We have indicated our sampling process as follows:

$\displaystyle N_{\textit{sample}}^{e}=\{e|e\in N^{e},\textit{degree}(e)\in D\},$ (1)

where $e\in N^{e}$ is the representation of the entity directly connected to the node $u$ or $i$ . $\textit{degree}(e)$ denotes the degree of entity $e$ and $D$ denotes the set of $n$ highest degrees that $n$ is settable.

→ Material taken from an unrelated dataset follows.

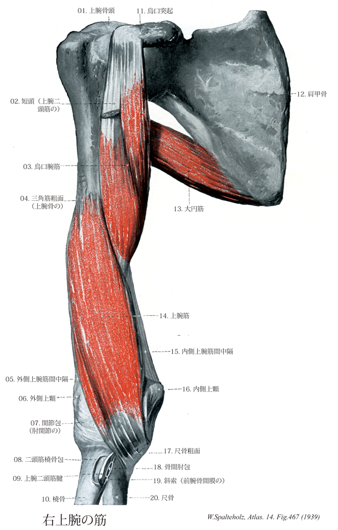 - 467_02【Short head of biceps brachii muscle短頭(上腕二頭筋の) Caput breve (Musculus biceps brachii)】 o: Coracoid process. Adduction of shoulder joint.
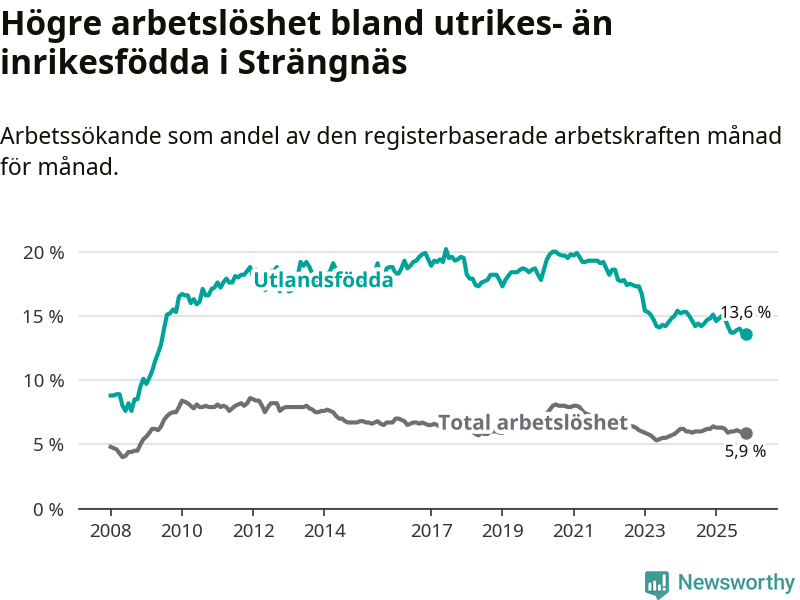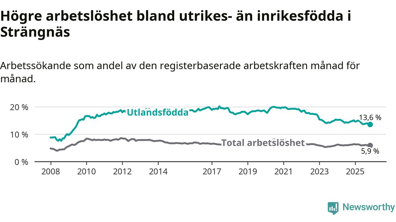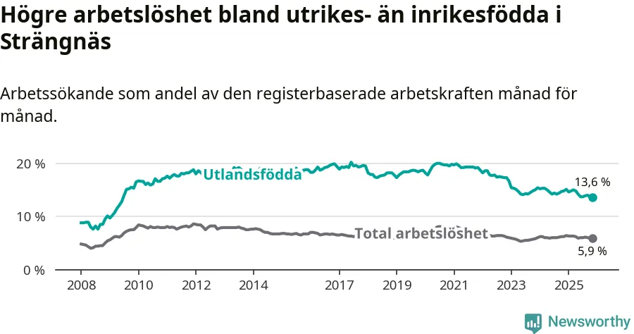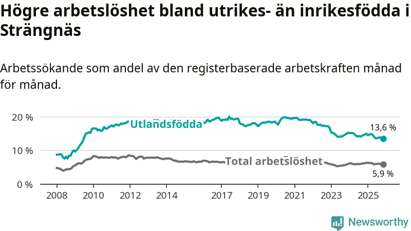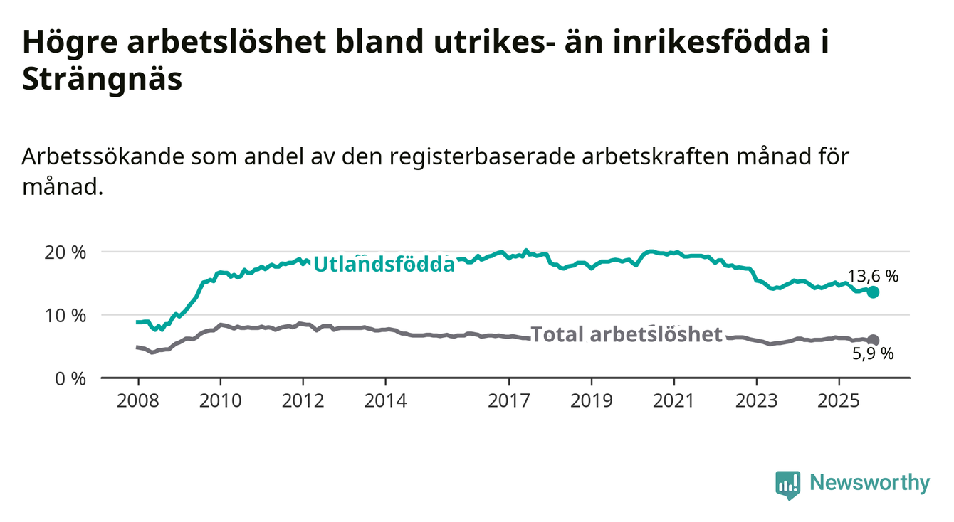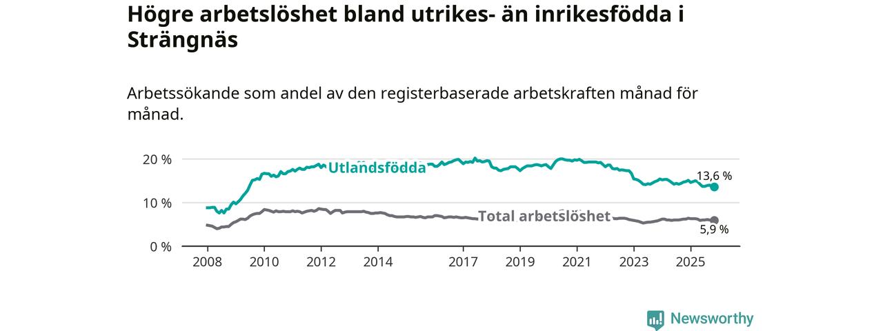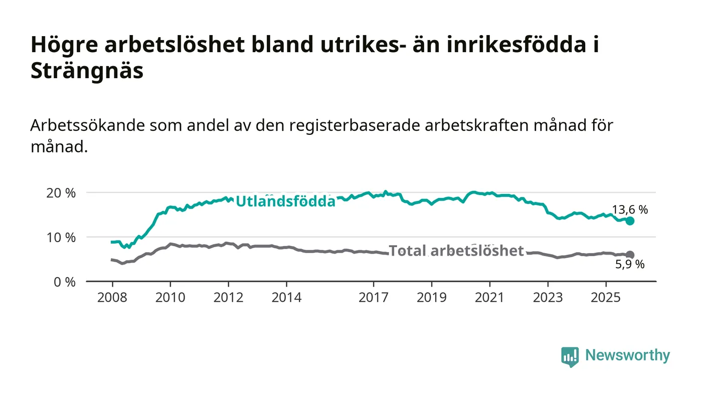 Skillnaden i arbetslöshet mellan utrikesfödda och hela befolkningen är 7,7 procentenheter i Strängnäs. Det är en mindre skillnad än för ett år sedan (−0,9 procentenheter).

We use $r_{e_{v},e_{j}}$ to denote the relation between entity $e_{v}$ and $e_{j}$ . Then we use an inner product function $g$ to calculate the attention score between a user $u$ and a relation $r$ . The attention score between an item $i$ and a relation $r$ is calculated in the same way.

$\displaystyle\pi_{r_{i,e}}^{u}=g(u,r_{i,e}),$ (2) $\displaystyle\pi_{r_{u,e}}^{i}=g(i,r_{u,e}),$ (3)

where $\mathbf{u}\in\mathbb{R}^{d}$ , $\mathbf{i}\in\mathbb{R}^{d}$ and $\mathbf{r}\in\mathbb{R}^{d}$ are the representations of user $u$ , item $i$ and relation $r$ , respectively, $d$ is the dimension of representations. In general, $\pi_{r_{i,e}}^{u}$ characterizes the importance of relation $r$ to user $u$ and $r_{i,e}$ represents the relation between item $i$ and entity $e$ . For example, one user is concerned with the development language of a Github item, and another user is more concerned with the application area of a Github item. $\pi_{r_{u,e}}^{i}$ characterizes the importance of relation $r$ to item $i$ and $r_{u,e}$ represents the relation between user $u$ and entity $e$ . For example, a user follows a star user who is the author of this item, and another user’s favorite item is in the same direction as this item.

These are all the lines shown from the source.